Судя по приготовлениям, история была длинной и рассказанной прежде уже не раз: прежде чем приступить к ней, майор поправил на голове кивер, дернул плечом, словно подбрасывая сползший ранец (по одной этой привычке можно было узнать старого вояку, выслужившегося в офицеры из солдат), отхлебнул еще из своей фляги и пнул ногой в живот мула, чтобы бодрее шагал.

– Так вот, сударь, было это в девяносто седьмом году. Война шла уже несколько лет, в военном флоте моряков стало не хватать, поневоле взялись за торговый. Так и вышло, что я, капитан двухмачтовой шхуны, изведавшей все пути от Кардиффа до Ла-Коруньи, неожиданно сделался капитаном фрегата и должен был сопровождать караваны с Гваделупы и других островов, охраняя их от англичан. Что ж, человек ко всему привыкает. Только однажды, когда мы стояли на рейде в Бресте, меня вызвали на берег, к префекту, и сказали, что я должен взять на борт заговорщика, приговоренного к депортации. Радости я от этого не испытал, но приказ есть приказ. Я отправился обратно на корабль – предупредить о том, какой груз нам предстояло забрать. И вот в назначенный день и час от берега отчалила шлюпка, взяв курс прямо на нас. День, знаете, был тогда солнечный, конец весны. Небо безоблачное, солнце прыгает зайчиками по волнам, и на душе светло и радостно, не хочется думать о плохом.

Майор вдруг замолчал и взглянул искоса на Альфреда, будто измерив его с головы до ног.

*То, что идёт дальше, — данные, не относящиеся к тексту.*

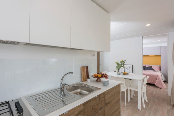 Next Generation is the mobile home style pointing to the future, it can be customized in various ways, both in terms of inner and outer layouts. Elegant design for kitchen and living area. MOBILE HOME TOUR > NEXT GENERATION LAYOUT (PDF)
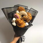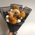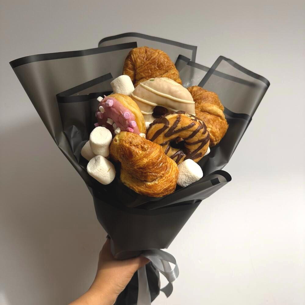 Este original ramo comestible combina la elegancia de un arreglo floral con el placer de los dulces recién horneados. Cruasanes dorados, donuts glaseados y suaves malvaviscos crean una composición irresistible que sorprende desde el primer vistazo. Su presentación moderna en envoltura negra resalta los tonos cálidos de la repostería, aportando un contraste sofisticado y atractivo. Es el regalo perfecto para cumpleaños, celebraciones o para endulzar un momento especial con un detalle fuera de lo común. Cada elemento está cuidadosamente dispuesto para mantener su frescura y su forma impecable. Recomendaciones de cuidado: conservar en un lugar fresco y seco, evitar la exposición directa al sol o al calor, consumir en un plazo de 24–48 horas para disfrutar su mejor sabor y textura.
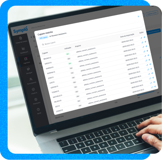 Ofereça cupons de desconto com códigos únicos e intransferíveis para associados, patrocinadores, promoters e listas VIP. Evite vazamentos, proteja sua margem e tenha controle total sobre seus descontos em ingressos.

– Вы, сударь, верно, тогда еще пешком под стол ходили. А осужденному, которого ко мне в шлюпке привезли, было, должно быть, столько же лет, сколько вам сейчас. И ростом с вас. Чернявый, хорош лицом, видно, что из благородных. И с ним жена – девушка лет семнадцати. Хорошенькая! Волосы светлые, точно корона вокруг головы, а брови темные, глаза голубые, сияют как звездочки, на щечках ямочки, и всё-то она смеется, всё заливается, как канарейка, – так ей было радостно, что не разлучили их, что они поедут вместе, да еще и в одной каюте с капитаном, и путь предстоит долгий, и увидят они дальние страны… Жандармский офицер, что их привез, вручил мне пакет с двумя красными сургучными печатями – приказ, что мне делать с преступником, – и наказал вскрыть только после того, как я пересеку пятнадцатую параллель. Сердце у меня тогда ёкнуло, как увидел я эти печати, – точно кровью намазано, но сказал, что всё исполню в точности.

Альфред забыл про дождь, печально сыпавшийся с хмурых небес. Бледное продрогшее солнце спускалось к горизонту, прячась за большими мельницами с недвижными крыльями, а он представлял себе яркую синеву, испещренную бликами, и свет любви, сиявший в глазах чудесной девушки.

– Шли мы на всех парусах, а всё ж таки прошло не меньше двух недель, прежде чем мы достигли Азорских островов. И верите ли, сударь, за это время я так привязался к своим постояльцам, будто знал их с рождения. Я не держал их взаперти – куда они денутся? Оружия при них не было никакого, только сундучок с книгами и сменой белья. Болеть они почти не болели – знаете, как бывает с сухопутными, когда с твердой почвы переходишь на зыбкую палубу. Шарль быстро освоился и даже помогал матросам управляться со снастями, а я показал ему, как пользоваться секстантом. По вечерам Лора читала нам вслух. Сейчас-то я уже не припомню, о чём там было, в этих книжках, но только после они начинали мечтать, какую жизнь станут вести в новых краях, подчиняясь законам одной лишь природы. Так заманчиво было их слушать, что я как-то раз, будто в шутку, им и скажи: ну, а меня-то вы взяли бы к себе жить? Я кое-что скопил за эти годы; купим себе домик, плантацию, Шарль станет капитаном, а мы с Лорой будем ждать его на берегу, я стану нянчить ваших деток, как своих внуков… И Лорочка звонко тогда засмеялась, бросилась ко мне на шею – конечно взяли бы, капитан! Куда мы без вас!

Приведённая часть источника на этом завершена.